Андрей Платонов.
«Сокровенный человек»


(Опыт анализа)

      В чем смысл названия повести?

      Известно, что слово «сокровенный» традиционно, вслед за определением в словаре В. И. Даля, — «сокрытый, скрытый, утаенный, потайной, спрятанный или схороненный от кого-то» — обозначает нечто противоположное понятиям «откровенный», «внешний», «наглядный». В современном русском языке к определению «сокровенный» — «необнаруживаемый, свято хранимый» — добавляется часто «задушевный», «интимный», «сердечный». Однако в связи с Фомой Пуховым Платонова, откровенным пересмешником, подвергающим жесткому анализу святость и безгрешность самой революции, ищущим эту революцию не в плакатах и лозунгах, а в другом — в характерах, в структурах новой власти, понятие «сокровенный», как всегда, резко видоизменяется, обогащается. Какой же он скрытный, «схороненный», «замкнутый» этот Пухов, если… Пухов на каждом шагу раскрывается, распахивается, буквально провоцирует опасные подозрения в отношении себя… В кружок примитивной политграмоты он не хочет записываться: «Ученье мозги пачкает, а я хочу свежим жить». На предложение неких рабочих — «Ты бы теперь вождем стал, чего ж ты работаешь?» — он насмешливо отвечает: «Вождей и так много. А паровозов нету! В дармоедах я состоять не буду!» А на предложение сделаться героем, быть в авангарде, он отвечает еще более откровенно: «Я — природный дурак!»
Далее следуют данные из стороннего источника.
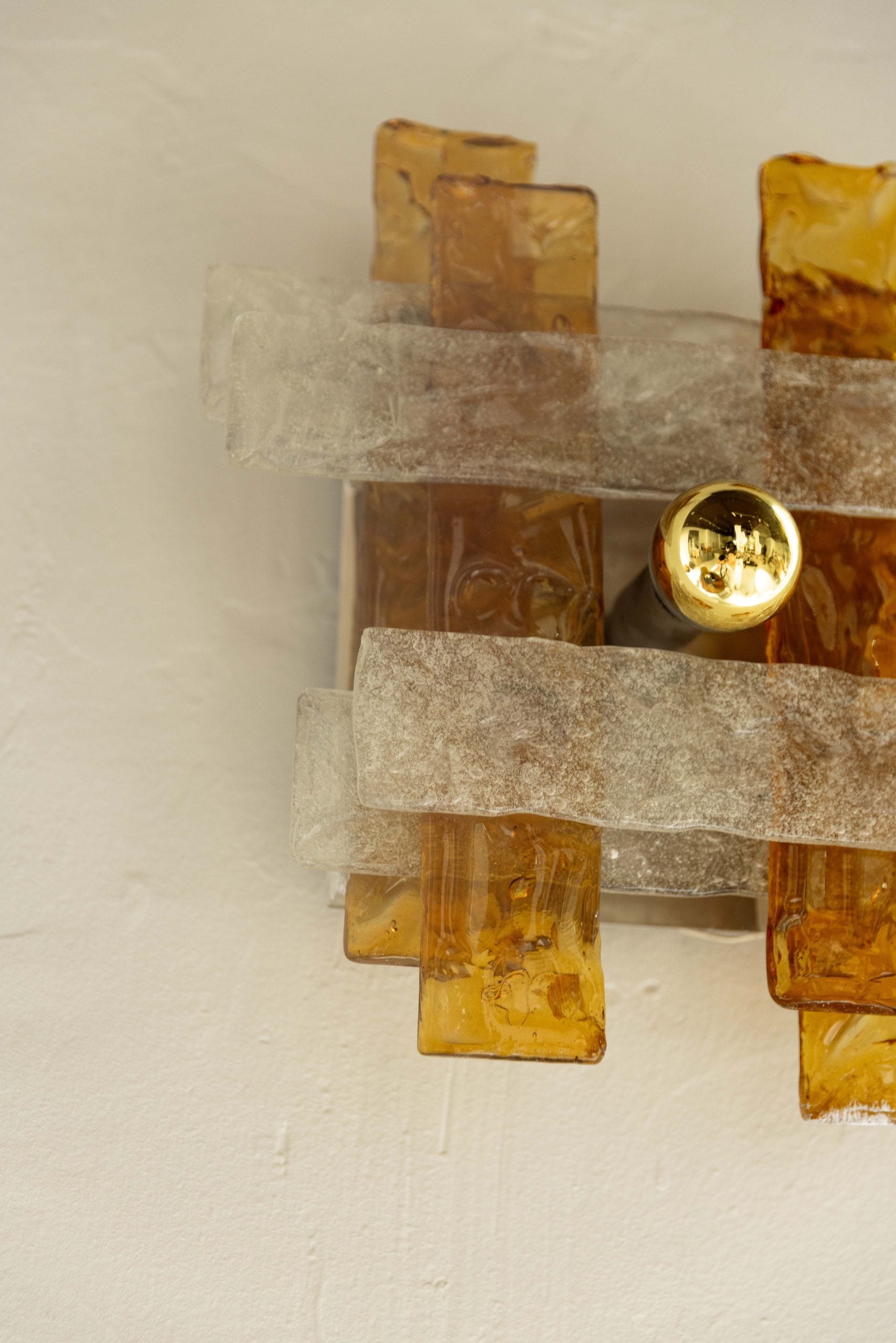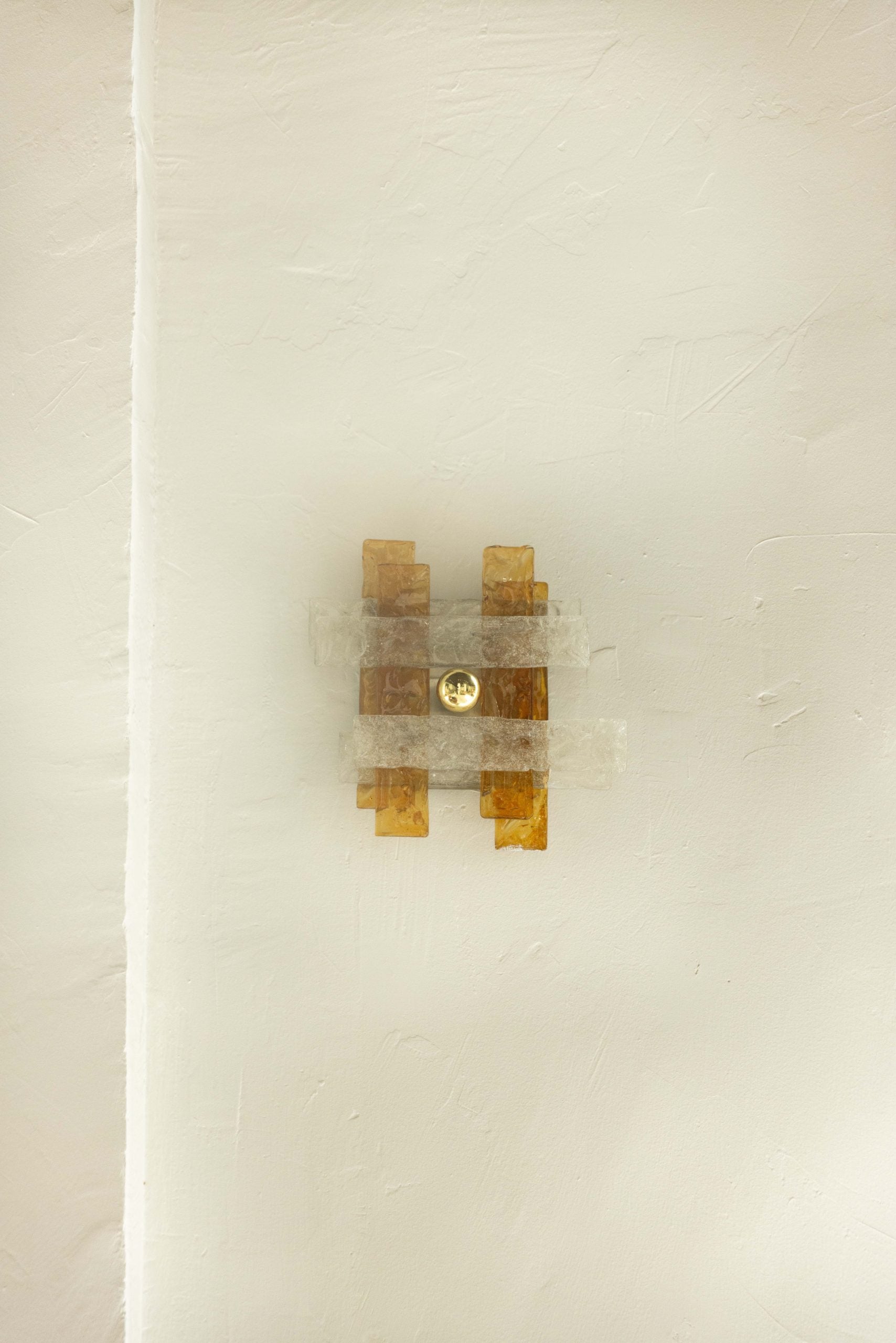 Pareja de apliques de origen italiano, fabricados a mano en los años 70 en vidrio de Murano texturizado, combinando tonos ámbar y transparente con detalles en latón.

      Кроме понятия «сокровенный», Андрей Платонов очень любил слово «нечаянный».

      «Я нечаянно стал, хожу один и думаю», — говорит, например, мальчик в рассказе «Глиняный дом в уездном саду». И в «Сокровенном человеке» есть отождествление понятий «нечаянный» и «сокровенный»: «Нечаянное сочувствие к людям… проявилось в заросшей жизнью душе Пухова». Мы едва ли ошибемся, если на основании многих рассказов Платонова для детей, его сказок, вообще «знаков покинутого детства» скажем, что дети или люди с открытой, по-детски стихийной душой и есть самые «сокровенные», ведущие себя предельно естественно, без притворства, прятанья, тем более лицемерия. Дети — самые открытые, безыскусственные, они же и самые «сокровенные». Все их поступки «нечаянны», т. е. не предписаны никем, искренни, «неосторожны». Фоме Пухову то и дело говорят: «Ты своего добьешься, Пухов! Тебя где-нибудь шпокнут!»; «Почему ж ты ворчун и беспартиец, а не герой эпохи?» и т. п. А он продолжает свой путь свободного созерцателя, иронического соглядатая, не вписывающегося ни в какую бюрократическую систему, иерархию должностей и лозунгов. «Сокровенность» Пухова — в этой свободе саморазвития, свободе суждений и оценок самой революции, ее святых и ангелов в условиях остановившейся в бюрократическом оцепенении революции.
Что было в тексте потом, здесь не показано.